On the other hand, there are studies that found contrasting result regarding the relationship between personal distress and prosocial behavior. Batson, O’Quin, Fultz, Vanderplas, and Isen (1983) conducted a study measuring the impact of personal distress on motivation to help. Their study found that personal distress will lead to egoistic motivation as the intention to help is to minimize his/her personal distress. In addition, they will not engage in helping behaviors if they can break away from the distress stressor (e.g., people in d need of help) easily. In other words, people will personal distress might not be engaging in helping behavior with altruistic intent and might not engage in helping behavior if they can break away from the situation. Another study conducted to measure the relationship between traits and prosocial behavior found that personal distress is not related to helping behavior in both easy and difficult to escape circumstances (Batson, Bolen, Cross, & Neuringer-Benefiel, 1986). Their study found that people with personal distress are not altruistically motivated to help compared to non-personal distress people. In addition, Batson, Fultz, and Schoenrade (1987) conducted a study measuring the relationship between personal distress and prosocial behavior. Their study found no significant relationship between personal distress and prosocial behavior as people with personal distress are able to alleviate their distress by not offering help to those in distress. Another study conducted by Carlo, Allen, and Buhman (1999) measuring the relationship between perspective-taking, personal distress, and prosocial behavior found an insignificant relationship between personal distress and prosocial behavior. Their study found that personal distress is negatively correlated to prosocial behavior as people with personal distress are more likely to focus on their own distress which could be alleviated by avoiding other people in distress.

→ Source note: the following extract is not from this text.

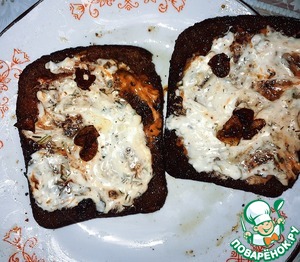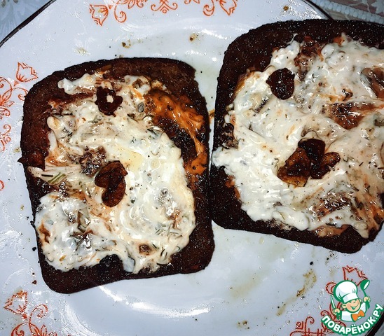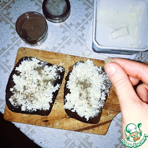 А тем временем, пока жарятся котлетки, намазываем Фету на наши гренки, и сверху присыпаваем перцем

Maner et al. (2002) conducted a study to measure the relationship between personal distress and altruistic behavior. Their study concluded that personal distress is not correlated with helping behavior as people with personal distress do not engage in prosocial behavior in altruistic manner. This then will reduce their likelihood in performing future helping behavior. According to Bierhoff and Rothman (2004), personal distress is found to be insignificantly related to prosocial behavior. Their study claimed that people with personal distress tend to choose the alternative that ensures the least cost and higher reward in order to alleviate their distress. In other words, people with personal distress might not engage in helping behaviors when they are able to escape or ignore those in distress. Additionally, Trommsdorff, Friedlmeier, and Mayer (2007) conducted a study measuring traits and prosocial behavior across four different cultures (Germany, Israel, Indonesia, and Malaysia). They found out that distress is not correlated with prosocial behavior in Malaysia as respondents with personal distress tend to reduce their feeling of distress by shifting their attention away from the victims. Furthermore, Carrera et al. (2013) supported this finding as they conduct an experiment measuring the helping behavior of the participants after presenting them with an article that elicits empathy and personal distress. Their study also found that helping behavior is low when personal distress is high as people with personal distress are more likely to alleviate their own discomfort compared to helping those in distress situation.

In short, the existing studies show that there is a negative relationship between personal distress and prosocial behavior. This is because personal distress might lead to self-focus distress alleviation instead of helping others to relieve their distress.